Tuesday, September 16, 2025

3T Writing Tidbit - A Brief Rant

 As I was sorting through my cards (I jot down ideas on writing on index cards and have, at this point, an inch and a half pile) looking for things I haven't written a tidbit on, I came across one on scene planning.

While overall it's the usual: Goal, Conflict, Disaster, there's a difference. It suggests color-coding the scene based on twists, shifts, and repetition. It's this last that I want to address.

I'm climbing up on my soapbox here. This is a pet peeve, and if you don't want to hear a diatribe, don't go any farther.

You've been warned, lol.

Repetition can be good. It's a basic tenet of musical composition. State your theme. Repeat it, to get it in your listener's ear. Then start to repeat it - but vary it just enough to make something new. Think the start of Beethoven's Fifth Symphony. Da-da-da-duhhhh. Da-da-da-duhhhh. Da-da-da-duh, da-da-da-duh, da-da-da-duh (and we're off!)

Repeating the scene's goal or the protagonist's goal can be good. If it's been 100 pages since it's been mentioned and she's about to face her deepest fear, by all means, give the reader a reminder.

But for the love of all that's holy please please please do not repeat it twice a page. Don't even repeat it more than twice a scene unless you're going to vary it enough to make it new.

Don't you trust your reader to remember it?

I have a favorite PNR author I had to stop buying because she repeats the heroine's goals and/or fears at least a dozen times per chapter. Without variation or adding anything to the plot, character, or even deepening those goals/fears.

Deep breath. Thanks, I feel better now.

So what can we do about this authorly tic? 

  • Trust your reader to remember the goal (it's strong enough to remember, isn't it?). 
  • If you must put in a reminder, vary it somehow from the last time you brought it up.
  • Better yet, make it add to the plot, or character development, or deepen (or twist!) the goal somehow.
  • Reread the whole scene. It'll take hours to days to write a scene, and we may be repeating the goal because we can't remember it from yesterday. Read it as the reader will experience it to catch that annoying tic. 

(See what I did there? I repeated the information in the paragraph 2 above this, but varied it to make it stand out differently.)

Published since 2009, over the years I've accumulated various items of writing wisdom. The Third Tuesday Writing Tidbit showcases these items in no particular order. Click here to see all 3T Tidbits.   

Tuesday, September 9, 2025

2T Repeat Performance - Small Town, Big Romance

 

I've done a number of blog tours over the years, posting on different sites. Now I'm bringing them to you!

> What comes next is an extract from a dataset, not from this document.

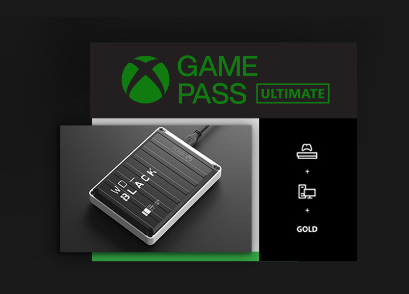 3 tháng miễn phí Xbox Live Gold Ổ cứng để bàn HDD WD Black D10 Game Drive for Xbox đi kèm 3 tháng miễn phí dịch vụ Xbox Game Pass Ultimate, bao gồm quyền truy cập vào hơn 100 Games trên cả Xbox và PC của bạn cũng như Xbox Live Gold. |

Originally published August 27, 2013 for My Odd Little World

Thank you to Nancy and My Odd Little World for having me back!

Why a small town for the setting, instead of a major city?

 New Orleans, Chicago, and New York give an urban fantasy or paranormal romance that gritty urban flavor. My vampire romances are set in the small German-immigrant settled city (pop. 7000) of Meiers Corners, a town outside Chicago, for several reasons.

The contrast is funnier.

Come on. Opie with fangs? Instant hoot.

(Don’t worry. The heroes are all big bad alpha males. No wimpy neck-sippers in the Biting Love romances.)

The writerly answer is that setting is another character. In this case, it’s really true, because Meiers Corners has a lot of personality. It’s a self-contained community, settled in the 1800s, where everyone is still related to some degree, even the newcomers—the genes rub off. It’s like an extended family. Everyone knows the rules. Arrive twenty minutes early for everything; the instant the lawn gets longer than one-point-five inches the mowers come out. Meiers Corners makes a great contrast to characters like Nixie, a punk rocker who spells authority G-e-t-M-e-O-u-t-t-a-H-e-r-e.

The personal answer is that I was born in a big city and grew up in a bedroom community but raised my kids in a small town, and it was a new experience for me. In some ways we were like Oscar and Felix in the Odd Couple, but my little town rubbed off on me just like Meiers Corners does. I’ve moved since then and at our new place we have the best-clipped lawn in the neighborhood!